Я чувствовал, как боль в горле, возникшая еще вчера, начинает усиливаться, больше всего я боялся заболеть. В моем положении это было бы чудовищно. Все мои усилия пропали бы даром, и я вернулся бы туда, откуда начал свой путь. Эта мысль привела меня в отчаяние. Я вспомнил телефон Генри и пошел поискать какой-нибудь магазин с телефоном. Магазинов не было. В этом районе были только огромные складские помещения. У одного из ангаров стоял мужчина и разговаривал по телефону. Я постоял и подождал, пока он прекратит разговор. Затем подошел к нему и попросил позвонить.
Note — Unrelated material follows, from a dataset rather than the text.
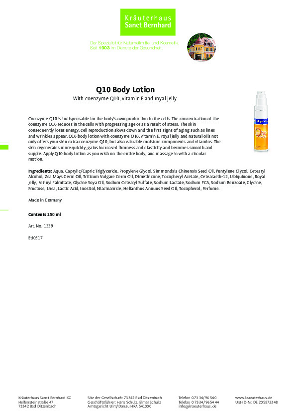 Kem dưỡng toàn thân Q10 Body Lotion là sản phẩm kem trắng da dưỡng ẩm cao cấp của Sanct Bernhard với coenzyme tự nhiên Q10, vitamin E, sữa ong chúa và các loại dầu tự nhiên mang đến cho làn da tươi trẻ tràn đầy sức sống. Làn da được tái tạo tự nhiên một cách nhanh chóng, đàn hồi và mịn màng.

Он посмотрел на меня и спросил:
— Тебе надолго, парень?
— Нет, два слова сказать.
— Ну, тогда звони, — великодушно согласился он и протянул мне телефон. — А то знаешь, тут как начнут девке названивать, так на полчаса, а я плати за их базар.
Генри взял трубку не сразу, но и когда я объяснил ему, кто я, он продолжал довольно прохладно:
— Рад вас слышать. Я занят сегодня.
Я понял, что если сейчас не попрошу его о помощи, то завтра окажусь рядом с Томасом.
— Я не могу ждать, господин Шеффилд, я боюсь, что меня отвезут в больницу, а мне нельзя туда попадать, это станет моим концом. Я очень плохо себя чувствую.
— Ну, хорошо, — неохотно согласился он, — подойдите к зданию Супермаркета X*** и ждите там. Я приеду на машине, часа через четыре, никуда не уходите.
Я отдал телефон моему благодетелю, а он коротко пожелал мне удачи.
Ожидание у супермаркета было настоящей пыткой. Я чувствовал, как заболеваю все сильнее, голова горела, и я едва мог держаться на ногах, сесть на ступеньки я опасался, чтобы не привлекать к себе внимания. Пошел дождь, мне казалось, что скоро я все-таки умру. Но Шеффилд приехал. Он вышел из машины и подбежал ко мне, несмотря на все свое отвратительное самочувствие, я с некоторым удовлетворением проконстатировал, что ему не безразлично мое существование на этом свете. Уж не знаю почему, но лицо у него было взволнованное. Мы сели в машину и поехали к нему. Я попросил его не вызывать врача.
— С чего вы взяли, мой друг, что я собираюсь вызывать вам врача. Я и сам в состоянии оказать куда более действенную помощь.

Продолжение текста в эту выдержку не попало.